» **What this task involves**
Leave out the pictures, and retype only the lines from the beginning of the material through the line that contains "具材に火が通ったらいんげんを加え、落し蓋をして更に10分加熱", including both.

» **Data provided**
--- START ---
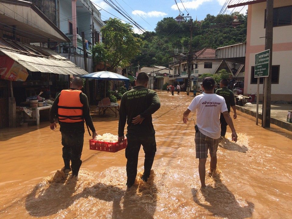 สถานการณ์น้ำท่วมชุมชนสายลมจอย ชุมชนไม้ลุงขน และชุมชนบ้านเกาะทราย เขตเทศบาลตำบลแม่สาย อ.แม่สาย จ.เชียงราย จากแม่น้ำสายเอ่อล้นตลิ่ง เพราะฝนตกหนักมาหลายวัน ทำให้บางพื้นที่มีน้ำท่วมสูง 1 เมตร ล่าสุดระดับน้ำเริ่มลดลงและฝนหยุดตก พร้อมกับการระบายน้ำลงแม่น้ำรวกและแม่น้ำโขง หากค่ำนี้ไม่มีฝนตกลงมาอีก เชื่อว่าน้ำท่วมชุมชนดังกล่าวจะลดลงได้มากกว่าเดิม และจะคืนสู่ปกติได้อย่างรวดเร็ว ขณะที่ชาวบ้านทยอยทำความสะอาดบ้านเรือนและร้านค้าแล้ว ส่วนฝั่งตลาดท่าล้อ จ.ท่าขี้เหล็ก ประเทศเมียนมา น้ำยังท่วมสูง เพราะพนังกั้นน้ำต่ำ และพื้นที่ส่วนใหญ่เป็นที่ราบลุ่ม
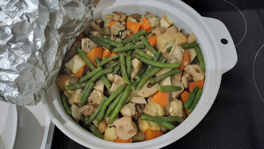 具材に火が通ったらいんげんを加え、落し蓋をして更に10分加熱
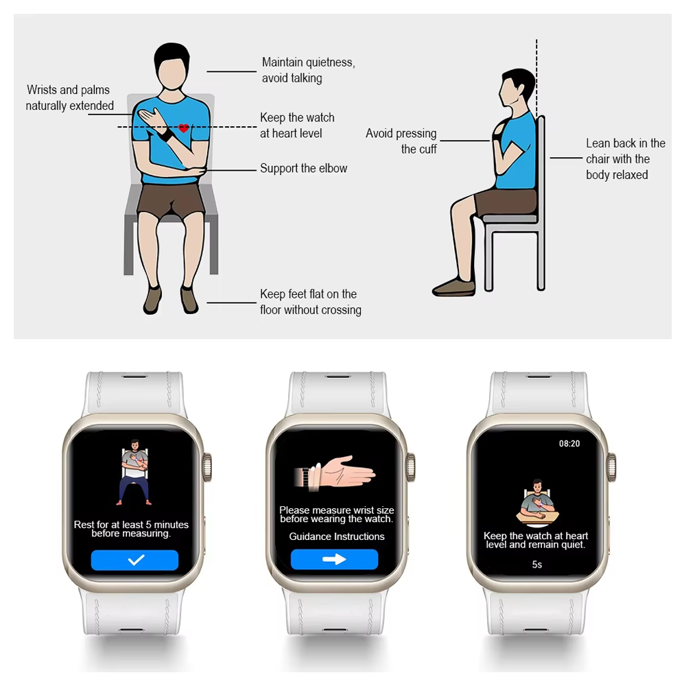 The Pilotax Blood Pressure Smartwatch uses an oscillometric monitoring system with a micro pump and elastic air cuff to deliver accurate blood pressure measurements. Through the connected app, you can easily view AI-generated charts and detailed data, helping you track changes and understand your blood pressure status anytime.
--- END ---
» **Result of this exercise**
 สถานการณ์น้ำท่วมชุมชนสายลมจอย ชุมชนไม้ลุงขน และชุมชนบ้านเกาะทราย เขตเทศบาลตำบลแม่สาย อ.แม่สาย จ.เชียงราย จากแม่น้ำสายเอ่อล้นตลิ่ง เพราะฝนตกหนักมาหลายวัน ทำให้บางพื้นที่มีน้ำท่วมสูง 1 เมตร ล่าสุดระดับน้ำเริ่มลดลงและฝนหยุดตก พร้อมกับการระบายน้ำลงแม่น้ำรวกและแม่น้ำโขง หากค่ำนี้ไม่มีฝนตกลงมาอีก เชื่อว่าน้ำท่วมชุมชนดังกล่าวจะลดลงได้มากกว่าเดิม และจะคืนสู่ปกติได้อย่างรวดเร็ว ขณะที่ชาวบ้านทยอยทำความสะอาดบ้านเรือนและร้านค้าแล้ว ส่วนฝั่งตลาดท่าล้อ จ.ท่าขี้เหล็ก ประเทศเมียนมา น้ำยังท่วมสูง เพราะพนังกั้นน้ำต่ำ และพื้นที่ส่วนใหญ่เป็นที่ราบลุ่ม
 具材に火が通ったらいんげんを加え、落し蓋をして更に10分加熱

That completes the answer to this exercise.